As Senior Executive Vice President, General Counsel & Secretary of HSBC USA Inc., a Maryland corporation (“HSBC”), I am generally familiar with (i) the proceedings in connection with HSBC’s Registration Statement on Form S-3, No. 333-42421 (the “Registration Statement”), in which up to $1,125,000,000 aggregate principal amount of Senior Debt Securities, Subordinated Debt Securities, Junior Subordinated Debentures, Preferred Stock and Guarantees of Trust Preferred Securities, or any combination of the foregoing, of HSBC were registered, and (ii) the offering and sale of up to 20,700,000 shares of Floating Rate Non-Cumulative Preferred Stock, Series F, without par value ($25 stated value per share) (the “Preferred Shares”) under the Registration Statement, as described in HSBC’s Prospectus Supplement dated March 30, 2005 to the Prospectus dated April 24, 2002. The Preferred Shares are being issued pursuant to Articles Supplementary to HSBC’s Articles of Incorporation, dated March 30, 2005 (the “Articles Supplementary”).

 

I have examined, or caused to be examined, the Articles Supplementary, the Underwriting Agreement, dated as of March 30, 2005, by and among HSBC and HSBC Securities (USA) Inc., as Representative of the several underwriters named therein, and such other documents and records pertaining to HSBC and the Preferred Shares as I have considered necessary or appropriate as a basis for the opinions set forth herein.

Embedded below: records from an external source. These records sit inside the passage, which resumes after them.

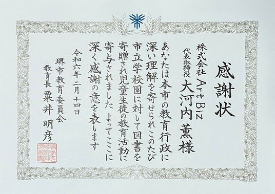 このたびは堺市の学校に通う子供たちのために「お金の本」を寄付させていただきました。
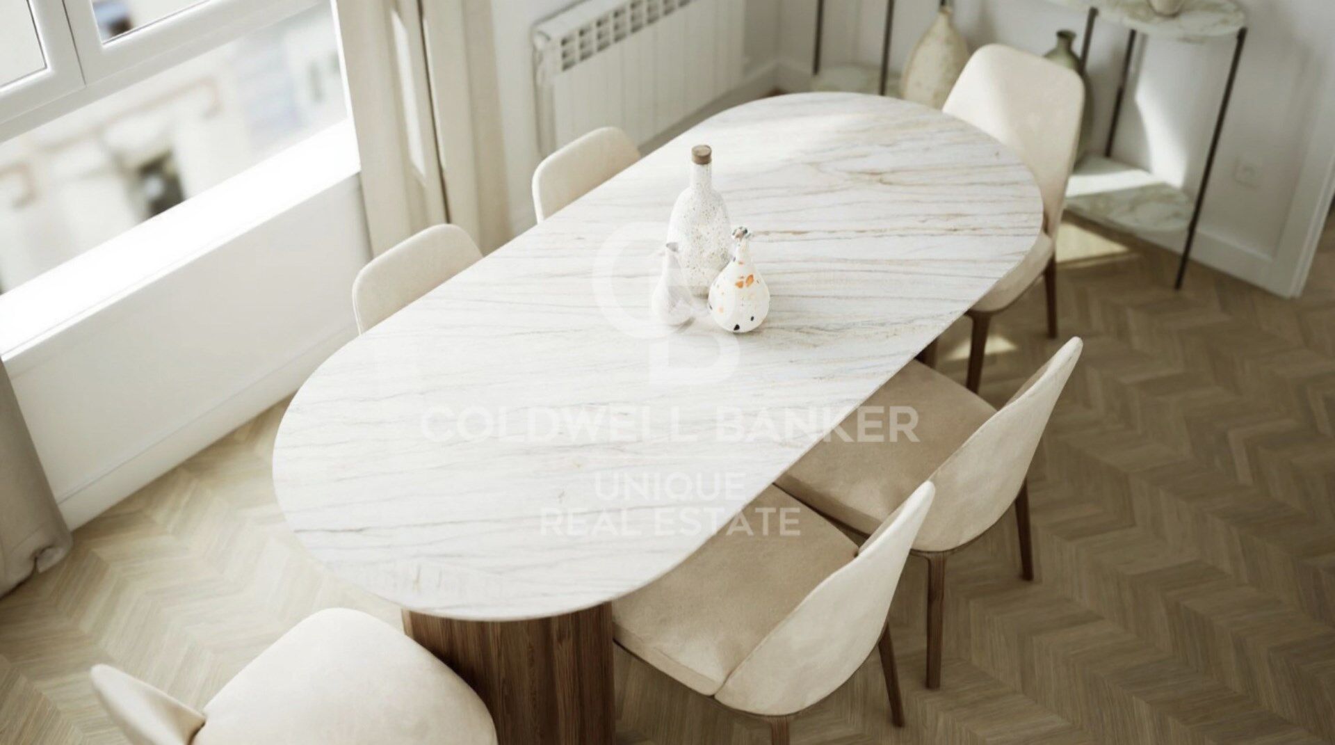 La vivienda, actualmente en fase de reforma con calidades altas, contará con tres dormitorios y dos baños, distribuidos de manera funcional y elegante para maximizar el espacio y la entrada de luz natural en cada estancia.
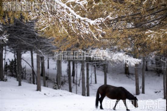 2022年10月1日,风雪中马儿在松林中觅食。
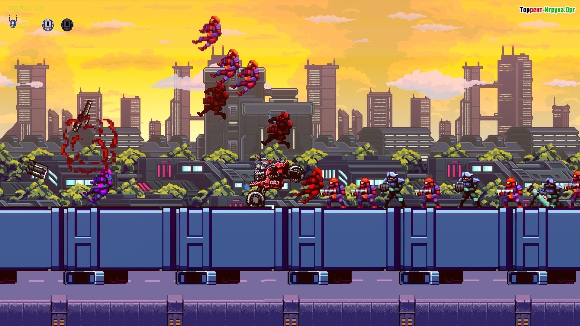 Gundroid – это захватывающий сайд-скроллер с футуристической атмосферой, где пиксельная графика идеально сочетается с динамичным экшеном и мощным саундтреком в стиле металла.

Based upon my review of the records and documents of HSBC, I am of the opinion that:

 

  1. HSBC is a corporation duly incorporated and validly existing under the laws of the State of Maryland.

 

  2. Assuming the due authorization, execution and delivery of the Underwriting Agreement by the Underwriters, and the delivery of the Underwriting


April 1, 2005

Page 2

 

Agreement by HSBC, when the Preferred Shares are issued and delivered against payment therefor pursuant to terms and provisions of the Underwriting Agreement, the Preferred Shares will be validly issued, fully paid and non-assessable, except as enforcement of the provisions thereof may be limited by bankruptcy, insolvency, reorganization or other laws relating to or affecting the enforcement of creditors’ rights or by general principles of equity (regardless of whether such enforceability is considered in a proceeding in equity or at law).

 

I hereby consent to the filing of this opinion as an exhibit to the Registration Statement and to the reference to me under the heading “Legal Matters,” or any similar caption, in any preliminary prospectus, prospectus or prospectus supplement forming a part of the Registration Statement. In giving said consent, I do not admit that I am in the category of persons where consent is required under Section 7 of the Act or the rules and regulations of the Securities and Exchange Commission thereunder.